Se tudo isso parece um pouco freudiano, é porque é. Dalí estava obcecado por Freud e sua técnica de sondar as profundezas do subconsciente para encontrar significado no aparentemente sem sentido. Dalí passou anos tentando encontrar seu herói, mas quando eles finalmente ficou cara a cara em 1938, ele temia ter desapontado o lendário psicanalista. Ol ‘Siggy nunca mudou sua expressão de pôquer enquanto Dalí o desenhou e saiu sem cerimônia, mas no dia seguinte, ele escreveu a um amigo sobre sua baixa estima pelos surrealistas. “Aquele jovem espanhol, no entanto “, continuou ele,” com seus olhos cândidos e fanáticos e seu inegável domínio técnico, me fez reconsiderar minha opinião. “

Uma foto de Spellbound. (United Artists / Wikimedia Commons)

Hitchcock e Dalí

Durante a Segunda Guerra Mundial, Dalí abriu uma loja na cidade de Nova York, onde desenvolveu a personalidade pública extraordinária que manteve pelo resto de sua carreira. Seus motivos eram em grande parte financeiros, capitalizando sobre si mesmo como um espetáculo, mas ele também era assim. Como ele era gosta de dizer, “Todas as manhãs, ao acordar, experimento um prazer supremo: o de ser Salvador Dalí, e me pergunto, maravilhado, que coisa prodigiosa ele fará hoje, este Salvador Dalí? ”

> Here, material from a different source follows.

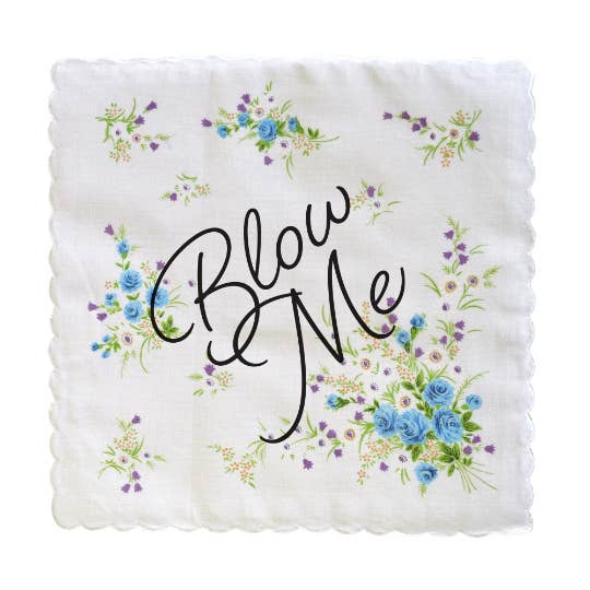 This pretty floral retro handkerchief reads "Blow Me" in script. We're talking about your nose, right? We blow our noses with handkerchiefs ... but also, you know ...
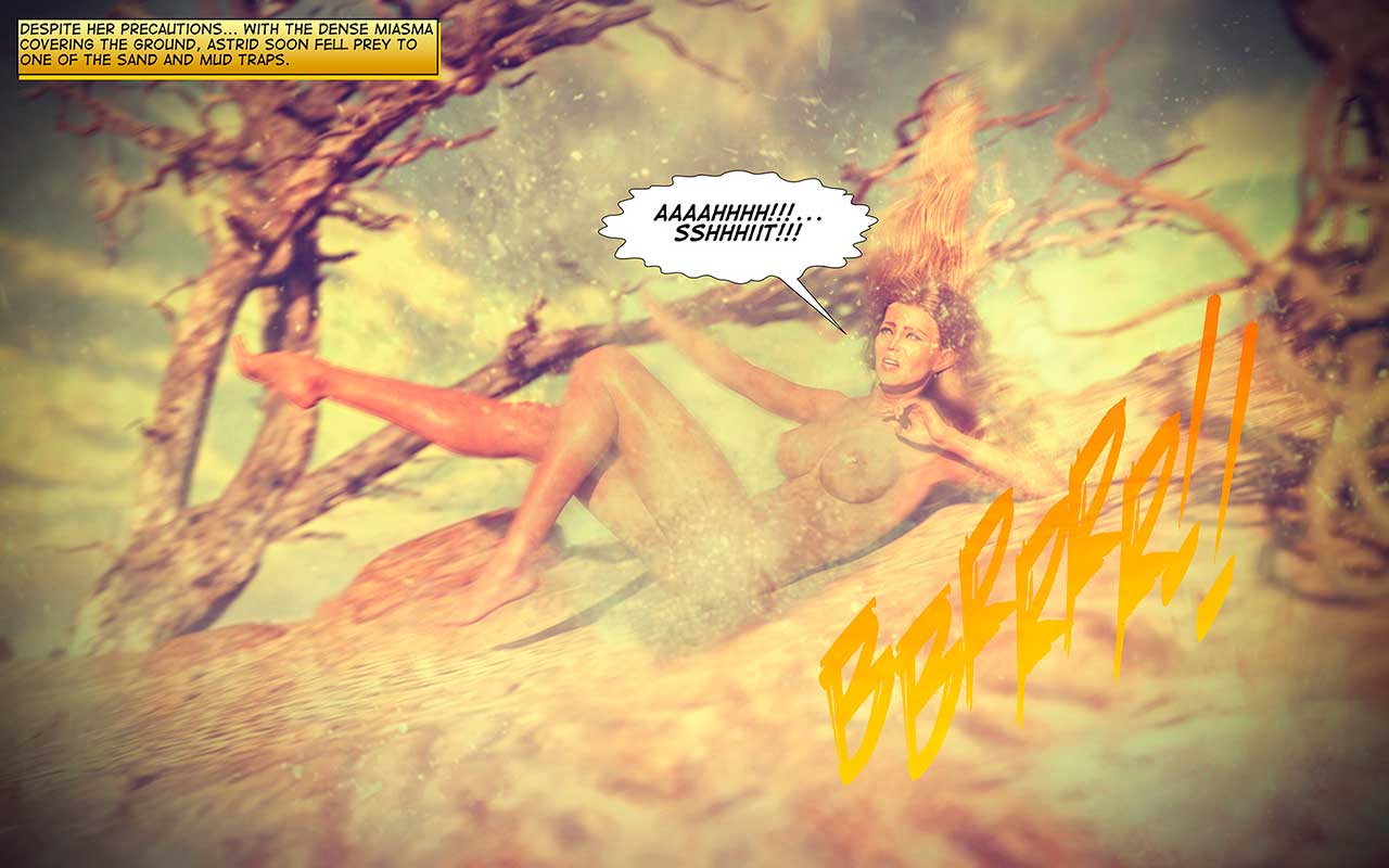 Despite her precautions... with the dense miasma covering the ground, astrid soon fell prey to one of the sand and mud traps to discover that sand traps and shifting terrain... were the least of her problems... Because the real danger rested beneath the sands!CLICK HERE to read ASTRARELLA - Defeated at Last #7:

Sua recém-descoberta celebridade rendeu a ele muitas ofertas, e ele aceitou todas. Ele desenhou roupas, fez joias, filmou comerciais de companhias aéreas com lendas do beisebol e até mesmo produziu uma sequência de sonho para Hitchcock’s Fascinado. o mestre do suspense logo aprendi que trabalhar com Dalí era mais do que esperava:

Eu queria transmitir o sonho com grande nitidez visual e clareza – mais nítido do que o próprio filme. Eu queria Dali por causa da nitidez arquitetônica de seu trabalho. Chirico tem a mesma qualidade, sabe, as sombras longas, o infinito de distância e as linhas convergentes de perspectiva. Mas Dali teve algumas idéias estranhas. Ele queria que uma estátua rachasse como uma concha se desfazendo, com formigas rastejando por toda parte. E por baixo, estaria Ingrid Bergman, coberta por formigas! Simplesmente não era possível.

A cripta de Dalí no Museu-Teatro Dalí. (Michael Lazarev / Wikimedia Commons)

A morte de Dalí

Dalí voltou a Figueres em 1974, aos 70 anos, para abrir o Museu-Teatro Dalí. Seu Dalíwood particular, repleto de obras criadas ao longo de sua vida, é menos um museu e mais uma experiência que ainda recebe mais de um milhão de visitantes a cada ano. Por mais alegre que esta fosse uma ocasião, Dalí estava em profunda depressão. Sua amada Gala freqüentemente se retirava para um castelo que ele comprou para ela na cidade de Púbol onde ele só podia visitá-lo por meio de um convite por escrito, e sem ela, ele estava uma bagunça.

Quando ela morreu em 1982, ele desmoronou completamente. Ele se mudou brevemente para o castelo em Púbol, onde era adorado por enfermeiras o tempo todo, e depois para uma extensão de seu museu em figuras. Ele mal comia, falava ou – ainda mais alarmante – desenhava. Em 23 de janeiro de 1989, faleceu aos 84 anos e foi sepultado no Museu-Teatro Dalí, voltando a se transformar em arte.